Unfortunately, there are many of my fellow conservatives who see the guidance to wear masks as a direct attack on their freedom. Some argue that it’s “my body, my choice,” mimicking the equally illogical pro-abortion slogan. Some claim that masks don’t work. Some see no difference between the forced shutdown of businesses and the use of masks in public. Some even believe that masks are part of a conspiratorial attempt to “test the waters” of population control. 


Whether reasonable or unreasonable, all of these viewpoints suffer from the same flaw, which is that they require the complete dismissal of the necessary partner to freedom - responsibility. Individual freedom is a fundamental pillar of American conservatism and is an ideologically revolutionary concept borne from foundational Judeo-Christian principles. However, individual freedom is not simply a shield to protect us from the fact that our actions can have a direct impact on the lives of others, and thereby impact their equally-valuable individual freedoms. Too often, “freedom” quickly mutates into a relentless libertarianism, where the protection of the claimed rights of one individual supersedes the same rights of another individual.

It should be obvious that there exists some line between the freedom of one individual and the freedom of another. After all, should someone be allowed to release fireworks in a hospital, drive at 150mph on the wrong side of a freeway, or masturbate in public (outside of San Francisco)?

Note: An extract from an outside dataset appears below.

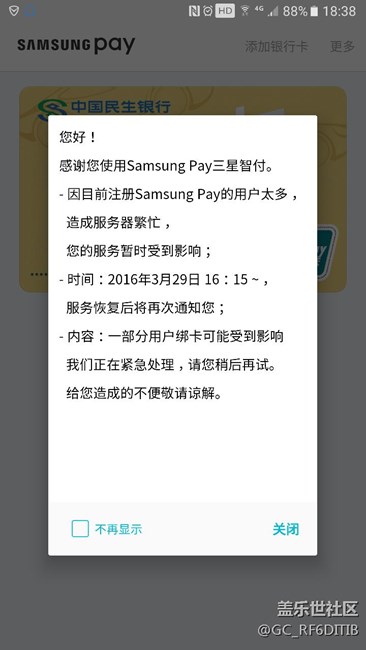 今天綁卡費(fèi)了九牛二虎之力綁上了民生的卡,光大卡無(wú)論怎樣都綁定不上,才等現(xiàn)在綁定吧,又出來(lái)個(gè)這,看圖片。三星啊,不行你別裝逼跟人家果果學(xué)啊,,,,,

Most would agree with the famous quotation “my right to swing my fist ends where your nose begins.” In that case, the judgment of competing individual freedoms becomes a matter of deciding where the metaphorical “nose” begins.

This is the problem with the “my body, my choice” argument, or the claim that “if you don’t want to wear a mask, don’t go outside.” Such lazy oversimplifications intentionally dilute the complexity of the task we face. “My body, my choice” isn’t a license to ignore the potential to transmit the virus to others, and “if you don’t want to wear a mask, don’t go outside” is a callous dismissal of the harsh reality that many people will be forced to choose between their livelihood and placing themselves or their loved ones at risk. The “fist” of one individual’s freedom not to wear a mask would effectively be breaking the “nose” of someone’s right to life, liberty, and the pursuit of happiness, and yet many conservatives remain silent.


Rather than continuing this self-defeating battle of egocentric desires - whether through overzealous individualism or rampant collectivism - we should be focusing on defining an optimal set of policies that would allow the country to re-open as soon as possible while protecting those individuals who deserve to be valued and protected. Rather than scoffing, we should address the real and scientifically-supported impact our actions may have on others, and cease holding mild inconveniences on the same level as fundamental human freedoms to physical safety. When both sides demand to have their cake and eat it too, the only outcome is that both sides leave hungry.

Ask yourself this hypothetical question: Let’s say that we could end the lockdown today, with businesses opening immediately, if everyone agreed to wear masks. Not in private, or while outdoors while socially distancing. Only in confined public spaces where social distancing is difficult or impossible. Would you wear a mask?

If the answer is no due to the impact this would have on your “freedom,” then you should consider whether your pursuit of individual freedom has bled into the selfish rejection of the individual freedom of others. If individual freedom is protected over all, then the inevitable result is anarchy. Compromise is necessary for any peaceful and virtuous society. When the compromise involves accepting a mild inconvenience in return for the increased security of others you may be endangering, and you choose to reject that compromise, you are actively damaging the chances of achieving what should be our common goal: to reopen America.